Re: Bits from /me: A humble draft policy on "deep learning v.s. freedom"
- Date: Thu, 23 May 2019 22:53:15 -0700
- From: Mo Zhou <lumin@xxxxxxxxxx>
- Subject: Re: Bits from /me: A humble draft policy on "deep learning v.s. freedom"
On 2019-05-22 12:43, Sam Hartman wrote:
> So, I think it's problematic to apply old assumptions to new areas. The
> reproducible builds world has gotten a lot further with bit-for-bit
> identical builds than I ever imagined they would.
I overhauled the reproducibility section. And lowered the
standard from "Bit-by-Bit" to "Numerically", which is the most practical
choice for now. Anyway we can raise the bar in the future if things got
better in terms of reproducibility.
> However, what's actually needed in the deep learning context is weaker
> than bit-for-bit identical. What we need is a way to validate that two
> models are identical for some equality predicate that meets our security
> and safety (and freedom) concerns. Parallel computation in the
> training, the sort of floating point issues you point to, and a lot of
> other things may make bit-for-bit identical models hard to come by.
Indeed: I name this as "Numerically Reproducible":
> Obviously we need to validate the correctness of whatever comparison
> function we use. The checksums match is relatively easy to validate.
> Something that for example understood floating point numbers would have
> a greater potential for bugs than an implementation of say sha256.

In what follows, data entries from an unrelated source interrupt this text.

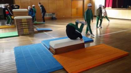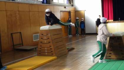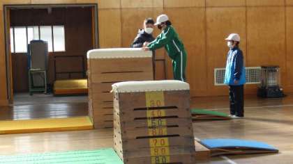 2月7日 5・6年体育 公開日 2023/02/07 更新日 2023/02/07 各学年から 2月7日 5・6年体育 跳び箱を使って、台上前転の練習をしたり、高い段に挑戦したりしています。アドバイスをを先生にもらって何度も練習していました。 5年 6年
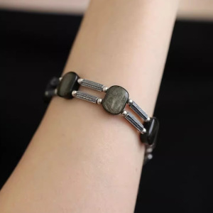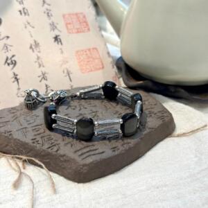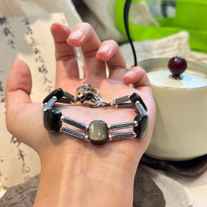 S925银五条经文管六字真言尾吊莲花扣旦形金曜石手链
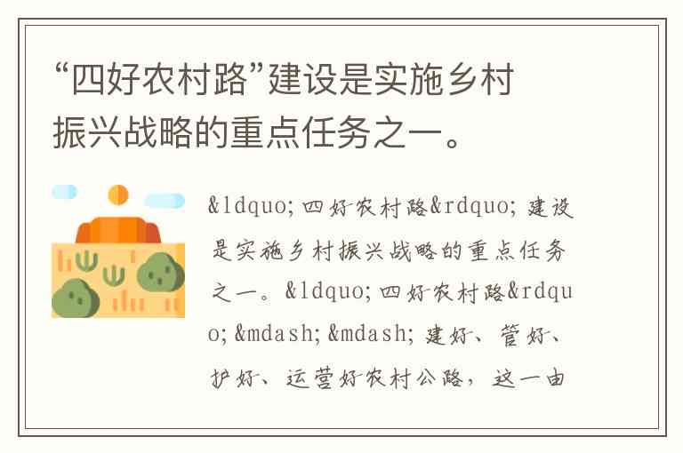 “四好农村路”建设是实施乡村振兴战略的重点任务之一。
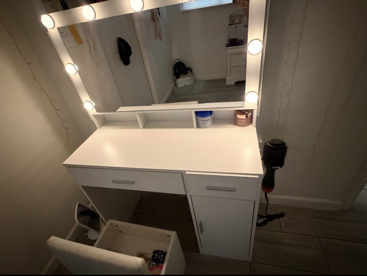 Vanity Set – Like New – With Vanity Stool & Lights ✨
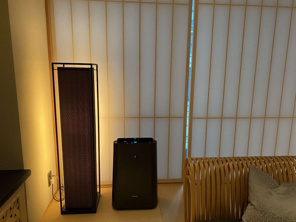間接照明もこだわりのもの。今やコロナのせいか、空気清浄機はビジネスホテルとかでも当たり前になってきましたよね…。加湿器付きだとより嬉しい…。もちろん、星のや東京のは加湿付き。

> So, yeah, bit-for-bit identical is great if we can get it. But
> validating these models is important enough that if we need to use a
> different equality predicate it's still worth doing.
For now, we just need to compare the digits and the curves: train twice
without any modification, and see if the curves and digits are the same.
Further measures, I think, depends on how this field evolves.